Maya makes it seem as if Awareness is an object when it is actually the subject. Maya also makes the individual jiva think that it is a unique entity, separate from all other entities and objects. But Jiva is not what it seems either. Jiva is really Awareness—appearing as matter. So, the relationship between the three seemingly separate factors Jiva/jagat, Isvara/Maya (which creates the material world out of Awareness), and pure Awareness—i.e., you –needs to be understood to assimilate the meaning of the location of objects teaching.

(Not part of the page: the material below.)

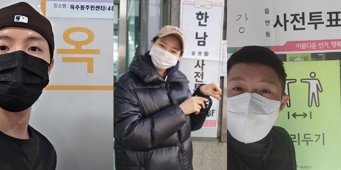 이 외에도 배우 정우성과 개그우먼 김신영,임신으로 부른 배를 검은 패딩으로 가린 배우 이하늬도 사전투표를 인증하는 게시물을 SNS에 업로드했다.
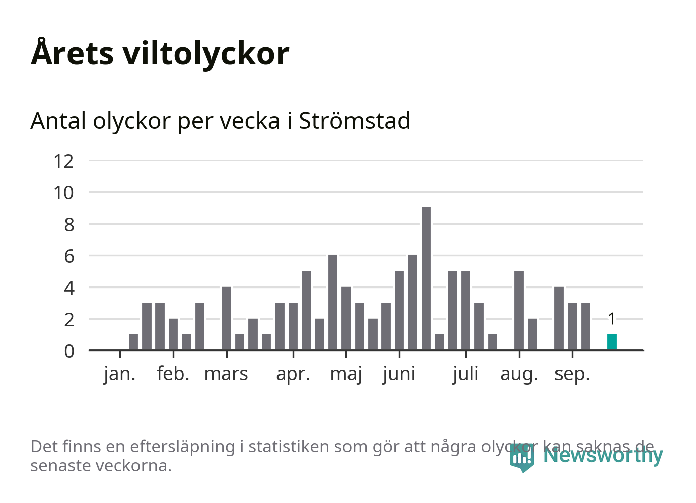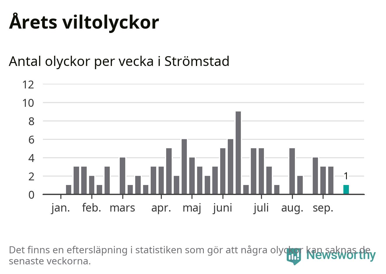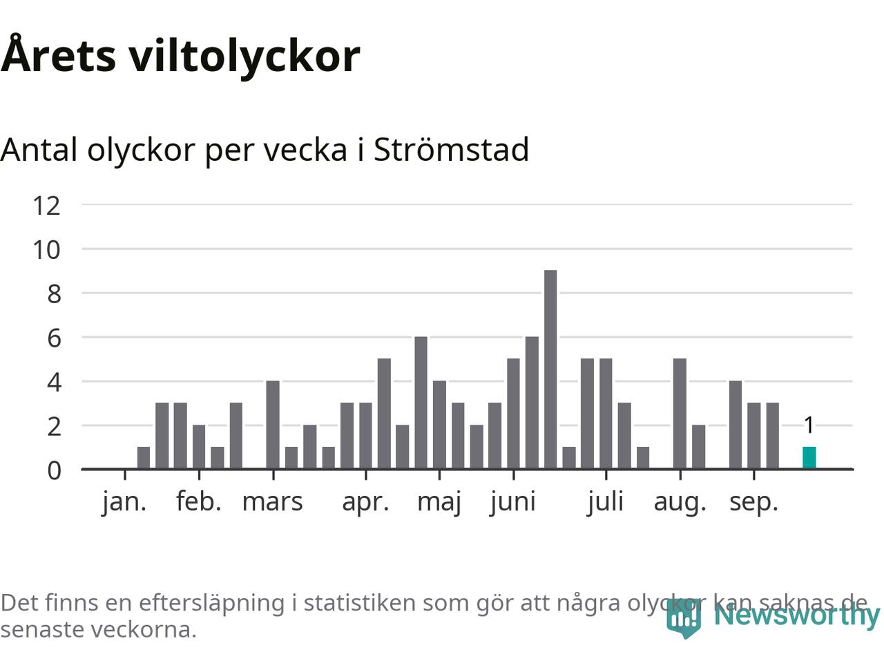 Från förra veckan (vecka 39) har hittills en viltolycka rapporterats in i Strömstads kommun.

You have only experienced the objects that appear to you at any moment and these objects are not separate from the thoughts that make them up. The whole creation, like any object, is only an idea, a thought. When that thought appears in you, the mind imagines the totality of objects by inference, but those objects are never directly experienced. No object can be directly experienced. We can only experience the qualities of an object, not the object itself. All that is directly experienced is you, Awareness. The only issue left to resolve is whether or not Awareness or matter is primary. Which came first? When we use the world ‘first’ we mean which stands alone? Does matter exist prior to Awareness so that we can still have matter without Awareness? No. You cannot separate an object from the Awareness of the object. In other words, objects are not conscious. They do not know themselves or other objects.
Finally, you cannot get something out of nothing. So, if matter depends on Awareness, it must come from Awareness. The effect (matter) is just an apparent transformation of the cause, Awareness. It is not an actual transformation because if it were, Awareness would have lost its limitless nature when it transformed into matter. It would have become limited, bound by time and space.
There are two types of changes that take place with regards to things in form.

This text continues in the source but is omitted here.